Revised. Amendments from Version 1
We have made a number of small improvements to the online database as a result of the reviewers’ comments. In addition, we have made minor changes to the text to clarify meaning. The most significant change is that the domain-phenotype enrichment analysis has been repeated, now associating phenotypes with InterPro families as opposed to individual signatures. This does not significantly impact the results, but makes them easier to interpret. Figures 3 and 4 have been updated to reflect additional phenotype data added since submission.
Abstract
Two decades after the first Plasmodium transfection, attempts have been made to disrupt more than 3,151 genes in malaria parasites, across five Plasmodium species. While results from rodent malaria transfections have been curated and systematised, empowering large-scale analysis, phenotypic data from human malaria parasite transfections currently exists as individual reports scattered across a the literature. To facilitate systematic analysis of published experimental genetic data across Plasmodium species, we have built PhenoPlasm ( http://www.phenoplasm.org), a database of phenotypes generated by transfection experiments in all Plasmodium parasites. The site provides a simple interface linking citation-backed Plasmodium reverse-genetic phenotypes to gene IDs. The database has been populated with phenotypic data on 367 P. falciparum genes, curated from 176 individual publications, as well as existing data on rodent Plasmodium species from RMgmDB and PlasmoGEM. This is the first time that all available data on P. falciparum transfection experiments has been brought together in a single place. These data are presented using ortholog mapping to allow a researcher interested in a gene in one species to see results across other Plasmodium species. The collaborative nature of the database enables any researcher to add new phenotypes as they are discovered.
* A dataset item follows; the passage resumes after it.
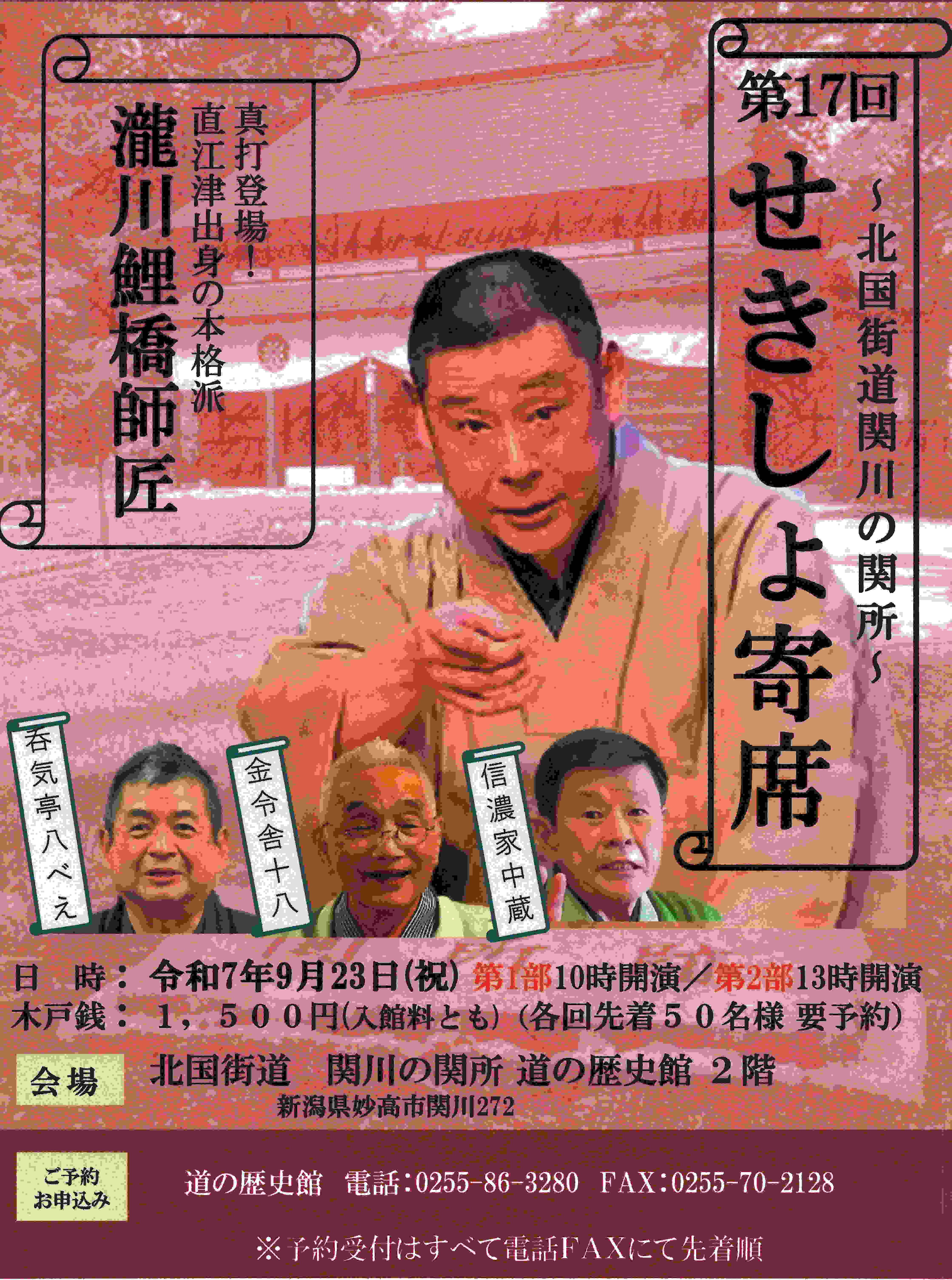 9月23日(火) 第17回 せきしょ寄席 完売です |

As an example of database utility, we use the currently available datasets to identify RAP (RNA-binding domain abundant in Apicomplexa)-domain containing proteins as crucial to parasite survival.
Keywords: Malaria, Plasmodium, phenotype, genetic, database, knock-out
Introduction
The increasing use of experimental genetics in Plasmodium spp. has provided numerous insights into the biology of the malaria parasite ( de Koning-Ward et al., 2015). Nevertheless, to date such results for P. falciparum transfection experiments are scattered across a range of journals, with no unified or queryable interface. This means that a researcher whose experiment or analysis identifies a set of genes of interest must devote considerable time to reviewing all available literature if they are to understand what is already known about these genes from previous knockout or other genetic manipulation experiments. To facilitate rapid functional profiling using already established phenotypes, we set out to build a database to contain this information.
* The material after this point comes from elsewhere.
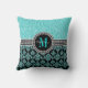 Coussin Girl Aqua Blue Parties scintillant Monogramme Nom

There were three key functional requirements for such a database:
Systematic, and synergistic with existing resources
To allow for automated bioinformatic analyses, it is crucial that the database have a defined, machine-comprehensible, schema for recording phenotypes. It is also important that this schema is compatible with existing resources. The rodent malaria genetically modified parasite database (RMgmDB, http://pberghei.eu; Khan et al., 2013) provides a powerful curated resource for the rodent Plasmodium species, and contains curated data on disruption attempts for over 500 genes from individual studies, making it the largest manually curated database for Plasmodium experimental genetic data. However, this database does not contain any data for human-infecting Plasmodium species. While some human Plasmodium parasite genes lack rodent orthologs, nearly 75% have such orthologs, and integrating human and rodent Plasmodium phenotypes is likely to be highly informative. To allow such integration, any new database schema must be compatible with that of RMgmDB, which is broken into 6 different stages at which phenotypes can occur (asexual, gametocyte/gamete, fertilization & ookinete, oocyst, sporozoite and liver). RMgmDB also distinguishes cases in which a modification is not successful, which provide some implication of a possible role in asexual growth; we decided to call this quality mutant viability, though of course failure to obtain a mutant might also result from a technical failure. The database must also import phenotypes from the largest source of blood stage Plasmodium phenotyping data available to date, PlasmoGEM barcode-sequencing experiments ( Bushell et al., 2017).
Orthology-based retrieval
The use of model systems has strongly facilitated attempts to understand human malaria parasites ( Zuzarte-Luis et al., 2014). These systems are valuable both because rodent malaria parasites are less technically challenging to genetically modify, and because their in vivo nature has allowed the study of some aspects of parasite biology in a more physiological setting than provided by in vitro culture. Critically, rodent models allow the recapitulation of the complete lifecycle with few technical hurdles, and therefore the vast majority of known non-blood-stage phenotypes come from rodent Plasmodium experiments. Nevertheless, rodent parasites do not contain orthologs of every P. falciparum gene, so these studies alone cannot provide a complete view of the parasite genetics causing human disease. Even where orthologs exist, phenotypes may not always be conserved, although available comparative data does suggest a high level of conservation ( Bushell et al., 2017).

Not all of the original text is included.